3D-Aware Vision-Language Models Fine-Tuning with Geometric Distillation

TL;DR

This work tackles the limited 3D spatial understanding of Vision-Language Models by introducing Geometric Distillation, a lightweight, annotation-free fine-tuning framework that injects geometry priors from 3D foundation models into frozen VLMs. It leverages paired views to distill three signals—sparse correspondences, relative depth, and dense cost-volume alignment—via a LoRA-based adapter in CLIP, without changing the architecture. The method yields strong gains across 3D correspondence, depth estimation, semantic segmentation, and 3D vision-language reasoning benchmarks, significantly reducing training cost compared to prior approaches. Overall, it provides a scalable and practical pathway to bridge 2D VLMs with 3D understanding for spatially grounded multimodal tasks.

Abstract

Vision-Language Models (VLMs) have shown remarkable performance on diverse visual and linguistic tasks, yet they remain fundamentally limited in their understanding of 3D spatial structures. We propose Geometric Distillation, a lightweight, annotation-free fine-tuning framework that injects human-inspired geometric cues into pretrained VLMs without modifying their architecture. By distilling (1) sparse correspondences, (2) relative depth relations, and (3) dense cost volumes from off-the-shelf 3D foundation models (e.g., MASt3R, VGGT), our method shapes representations to be geometry-aware while remaining compatible with natural image-text inputs. Through extensive evaluations on 3D vision-language reasoning and 3D perception benchmarks, our method consistently outperforms prior approaches, achieving improved 3D spatial reasoning with significantly lower computational cost. Our work demonstrates a scalable and efficient path to bridge 2D-trained VLMs with 3D understanding, opening up wider use in spatially grounded multimodal tasks.

Paper Structure

This paper contains 36 sections, 10 equations, 8 figures, 9 tables.

Figures (8)

  • Figure 1: Geometric Distillation enhances 3D spatial reasoning in vision-language models.
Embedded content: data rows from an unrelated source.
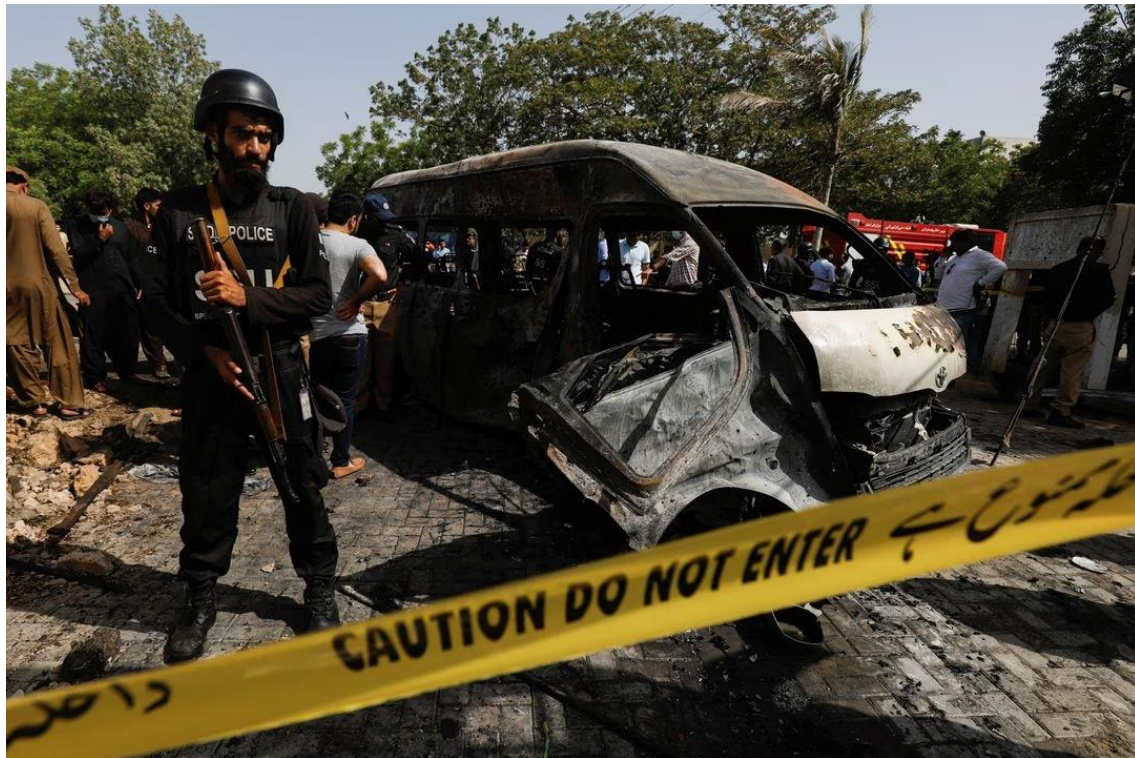
Fig. 6. Imagen del minibus en el que viajaban los profesores chinos en Karachi.

mujer suicida del ELB tenía como indudable destinatario al Gobierno chino ya que fue doblemente dirigido contra ciudadanos de ese país como contra un elemento del «poder blando» de Pekín: el Instituto Confucio 46 de Karachi. El 26 de abril de 2022, en las cercanías de esas instalaciones la atacante detonó su carga explosiva provocando la muerte de tres profesores del Instituto Confucio de nacionalidad china que viajaban en un minibus, así como la de un ciudadano pakistaní 47 .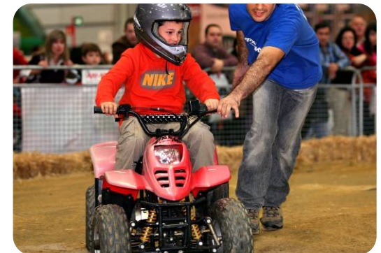
QUADS (4X4 OCIOAVENTURA)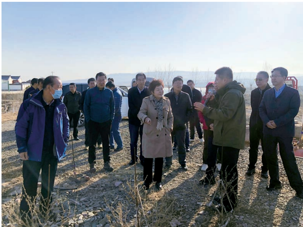
▲ 自治区人大常委会执法检查组深入中卫市沙坡头区兴仁镇检查水土保持情况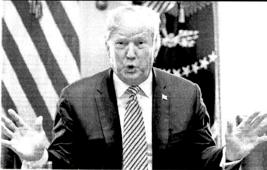
El presidente Donald Trump, ayer en la Casa Blanca. El republicano visitará hoy la ciudad fronteriza de Calexico, California.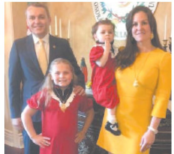
▼ O Cônsul Honorário de Portugal com a esposa e filhas na recepção na residência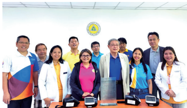
検査機器贈呈(ケソン市保健局)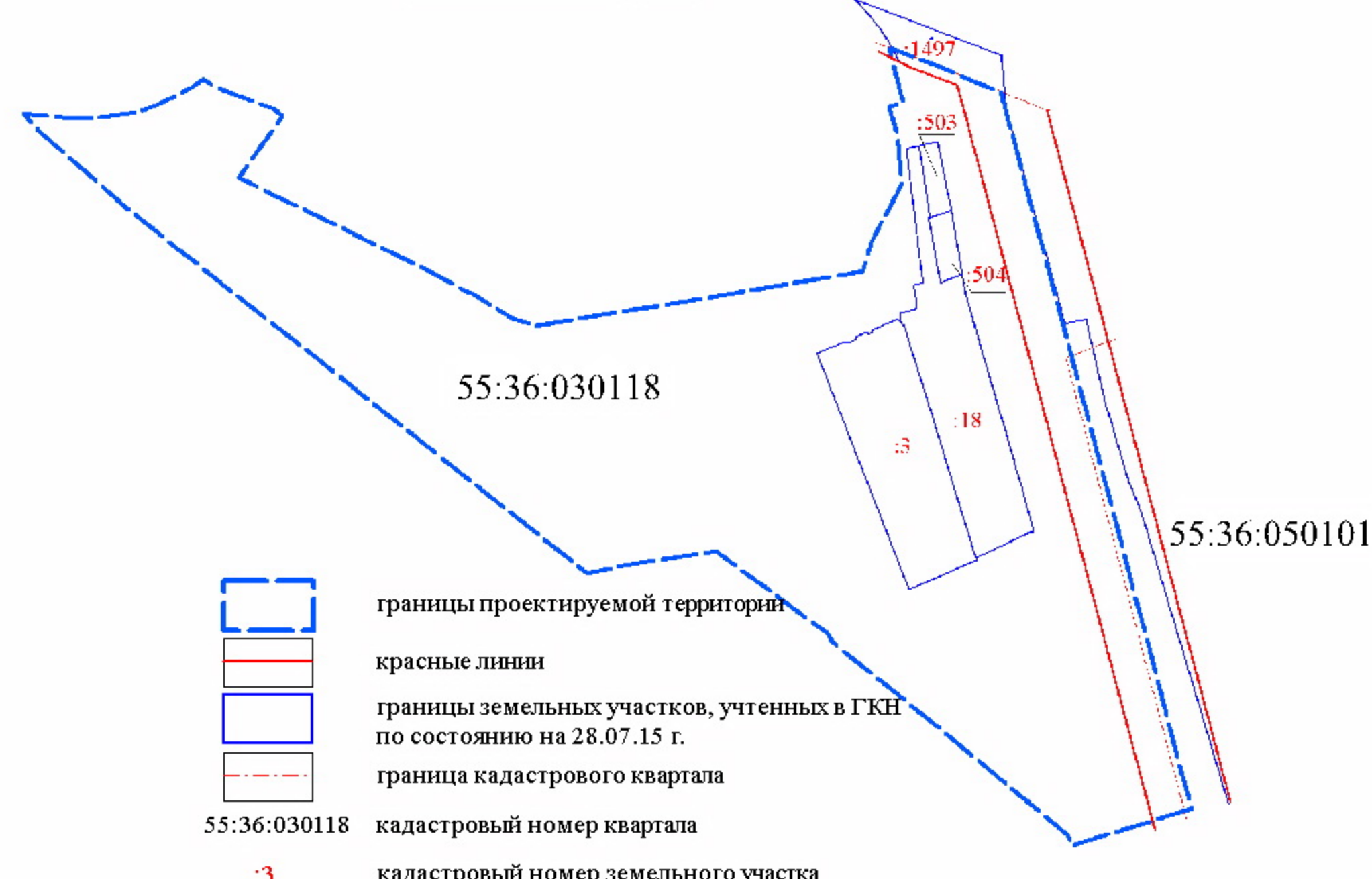
Схема кадастрового плана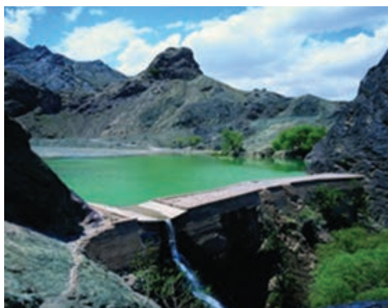
شکل ۸-۱۲- بنددره بیرجند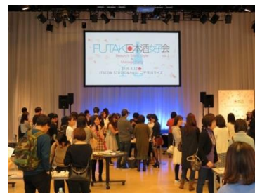
※画像は昨年の様子です

毎回ご好評をいただいている、女性限定の日本酒試飲会イベント「FUTAKO日本酒女子会」が、およそ1年ぶりに開催されます。今回は、スピンオフ企画「新潟 meets FUTAKO日本酒女子会」として、酒どころ新潟の銘酒にフィーチャーします。さらに、「日本酒+ビューティー」をテーマに、さまざまなゲストによるトークショーも予定。日本酒初心者の方も楽しめます。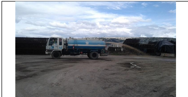
Patio de Talleres y Cocheras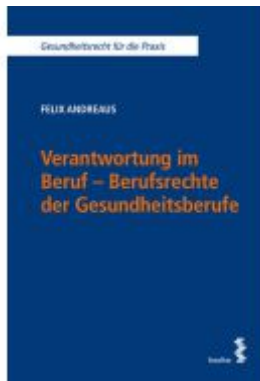
Verantwortung im Beruf - Berufsrechte der Gesundheitsberufe Ladenpreis: 42,00EUR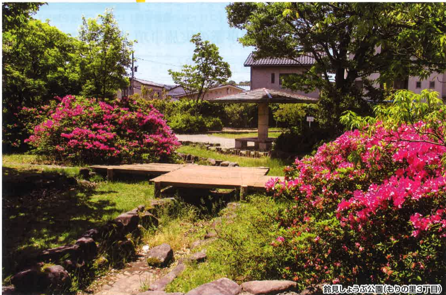
鈴見しょうが公園(もりの里3丁目)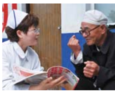
将健康指导送到群众家中。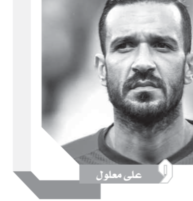
كتب: محمد اللاهوتى

جدد النادي الأهلى عقدي الثنائي التونسي على معلول وكريم وليد «نيفيد» لاعبي الفريق ليبدأ مسلسل الحفاظ على نجوم الفريق الذين تنتهي عقودهما خلال الموسم القادمين. وأعلن عبد الحفيظ توقيع معلول لمدة موسمين آخرين لينتهي عقده الجديد مع الفريق فى صيف 2022 كما تم تجديد عقد نيفيد لمدة 3 مواسم أخرى لينتهي فى 2024. وأشاد عبد الحفيظ بموقف الثنائي وترحيبهما بالاستمرار مع الأهلى وتوقيعهما دون الدخول فى مزايدات مالية.

By distilling geometric cues such as correspondences, relative depth, and cost alignment from 3D foundation models, our method improves 3D visual understanding and enables accurate reasoning in tasks like answering which object is closer.
  • Figure 2: Geometric cues and PCA visualization of feature transformation through geometric distillation.
  • Figure 3: Overview of Geometric Distillation Architecture. A 3D foundation model extracts geometric cues including (1) sparse correspondences, (2) depth maps, and (3) dense cost volumes from multi-view inputs. These cues supervise a frozen CLIP image encoder with a lightweight adapter (LoRA) via three loss branches: $\mathcal{L}_\text{match}$, $\mathcal{L}_\text{depth}$, and $\mathcal{L}_\text{cost}$. The distillation enables the VLM to acquire 3D spatial awareness without explicit 3D annotations.
  • Figure 4: Visualization of cost volume. (a) Anchor view with query location (yellow box). Cost volume heatmaps from (b) the teacher (MASt3R), (c) the vanilla CLIP, and (d) after geometric distillation. The proposed method better captures localized geometric similarity, closely aligning with the teacher’s output.
  • Figure 5: Semantic Transfer. (a) Source image with annotated keypoints. Transfer results using (b) MEF you2024multiview_ME and (c) our approach. Our method produces more accurate and spatially consistent transfers.